◆ REQUIRED ACTION:
For this exercise, the lines from the one with "Il libro racconta…" through the final line of the data below are to be transcribed exactly, and pictures are to be skipped.
:::::
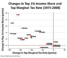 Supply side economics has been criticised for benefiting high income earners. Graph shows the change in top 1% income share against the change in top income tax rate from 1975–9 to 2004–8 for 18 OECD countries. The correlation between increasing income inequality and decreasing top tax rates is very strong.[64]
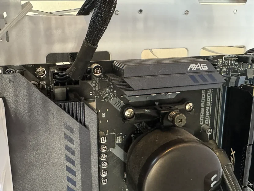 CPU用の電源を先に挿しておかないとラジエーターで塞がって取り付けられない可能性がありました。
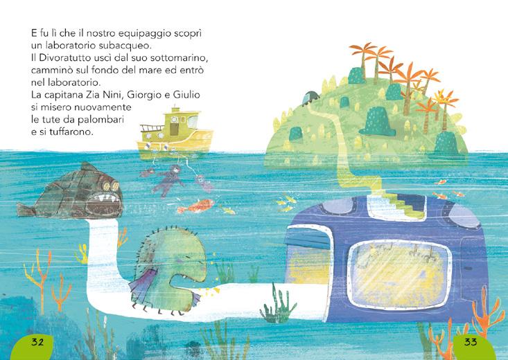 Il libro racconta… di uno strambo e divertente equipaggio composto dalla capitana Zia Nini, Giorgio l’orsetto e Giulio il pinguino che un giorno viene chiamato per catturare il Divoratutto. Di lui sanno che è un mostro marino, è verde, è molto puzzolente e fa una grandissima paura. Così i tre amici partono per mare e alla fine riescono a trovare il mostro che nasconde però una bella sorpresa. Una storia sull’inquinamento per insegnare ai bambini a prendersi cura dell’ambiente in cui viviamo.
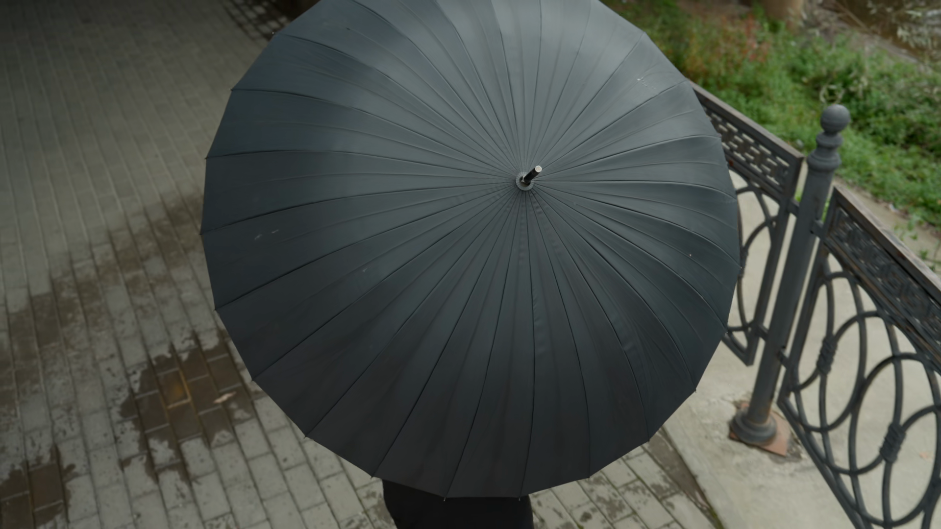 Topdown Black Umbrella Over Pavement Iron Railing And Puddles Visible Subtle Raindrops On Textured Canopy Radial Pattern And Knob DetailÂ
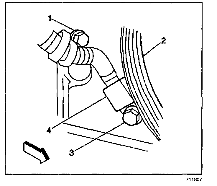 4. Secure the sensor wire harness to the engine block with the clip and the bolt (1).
:::::
◆ TASK OUTPUT:
 Il libro racconta… di uno strambo e divertente equipaggio composto dalla capitana Zia Nini, Giorgio l’orsetto e Giulio il pinguino che un giorno viene chiamato per catturare il Divoratutto. Di lui sanno che è un mostro marino, è verde, è molto puzzolente e fa una grandissima paura. Così i tre amici partono per mare e alla fine riescono a trovare il mostro che nasconde però una bella sorpresa. Una storia sull’inquinamento per insegnare ai bambini a prendersi cura dell’ambiente in cui viviamo.
 Topdown Black Umbrella Over Pavement Iron Railing And Puddles Visible Subtle Raindrops On Textured Canopy Radial Pattern And Knob DetailÂ
 4. Secure the sensor wire harness to the engine block with the clip and the bolt (1).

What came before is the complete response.